Touché au tendon qui le faisait souffrir depuis le début de saison, Huget était resté plusieurs minutes au sol sous le regard inquiet de son éternel coéquipier Maxime Médard. Avant de quitter le terrain sous les applaudissements des joueurs des deux équipes et des rares personnes présentes dans les travées du stade Ernest-Wallon.

"On a passé des années ensemble, à jouer, à batailler avec le Stade et en équipe de France. Cette image-là, c'est terrible. Il y a des choses plus graves dans la vie, mais de voir ton pote par terre c'est compliqué", avait commenté Médard, après la rencontre. Huget avait déjà connu une grave blessure, au genou droit, lors du premier match du XV de France à la Coupe du monde 2015 face à l'Italie, laquelle l'avait éloigné des terrains pendant près d'un an. Une nouvelle désillusion internationale pour l'ailier ou arrière au physique imposant (1,90 m, 96 kg) qui avait raté le Mondial-2011 en Nouvelle-Zélande, où les Bleus avaient atteint la finale, en raison d'une série de manquements au suivi longitudinal antidopage.

Deuxième Mondial en 2019

Mais le natif de Pamiers, lancé chez les pros au Stade toulousain en 2005 avant des passages à Agen et Bayonne et un retour en Rouge et Noir en 2012, avait retrouvé la compétition en août 2016 à l'issue d'une longue rééducation.
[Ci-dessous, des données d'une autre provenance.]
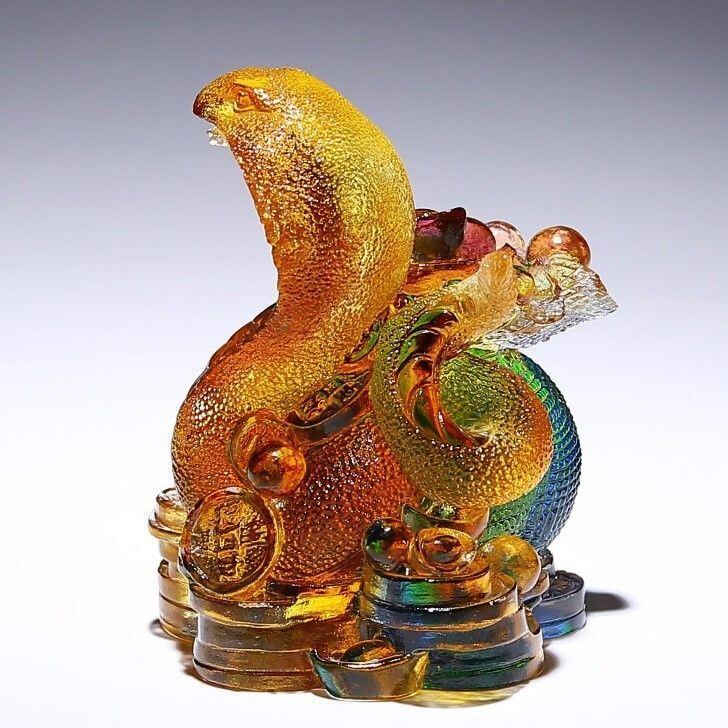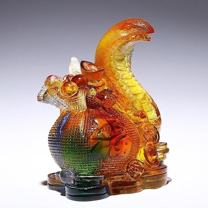 鮮やかな色彩と繊細なガラス細工が目を引く、美しいインテリアアイテムです。蛇は多くの文化で特別な象徴として位置づけられています。知恵、再生、そして変化を表す存在として信仰され、特に風水においては「変革の象徴」や「繁栄を導く力」として注目されています。

Il avait marqué un essai pour son retour avec les Bleus contre les îles Samoa en novembre de la même année. Revenir à son meilleur niveau lui a pris du temps. Mais Huget avait été récompensé de ses efforts en vivant une deuxième Coupe du monde, pleine, en 2019 au Japon, neuf après sa première cape. Il s'était arrêté en quarts de finale avec les Bleus face au Pays de Galles.

Avec le Stade toulousain, Huget avait remporté la même année le Bouclier de Brennus, le deuxième en comptant celui de la saison 2007-2008 où il avait très peu joué. Il ambitionnait d'en obtenir un troisième et surtout une première Coupe d'Europe avant de laisser son corps, mis à rude épreuve, au repos. "Ça fait deux ans que je traîne une blessure au tendon d'Achille, j'ai du mal à m'en remettre (...) C'est pour ça que j'ai pris cette décision d'arrêter et de laisser mon corps se restructurer parce que depuis 2015 je l'emmène dans des retranchements qui sont un peu durs. Je pense que c'est le bon moment", avait-il expliqué en novembre. Cruelle fin pour le Toulousain.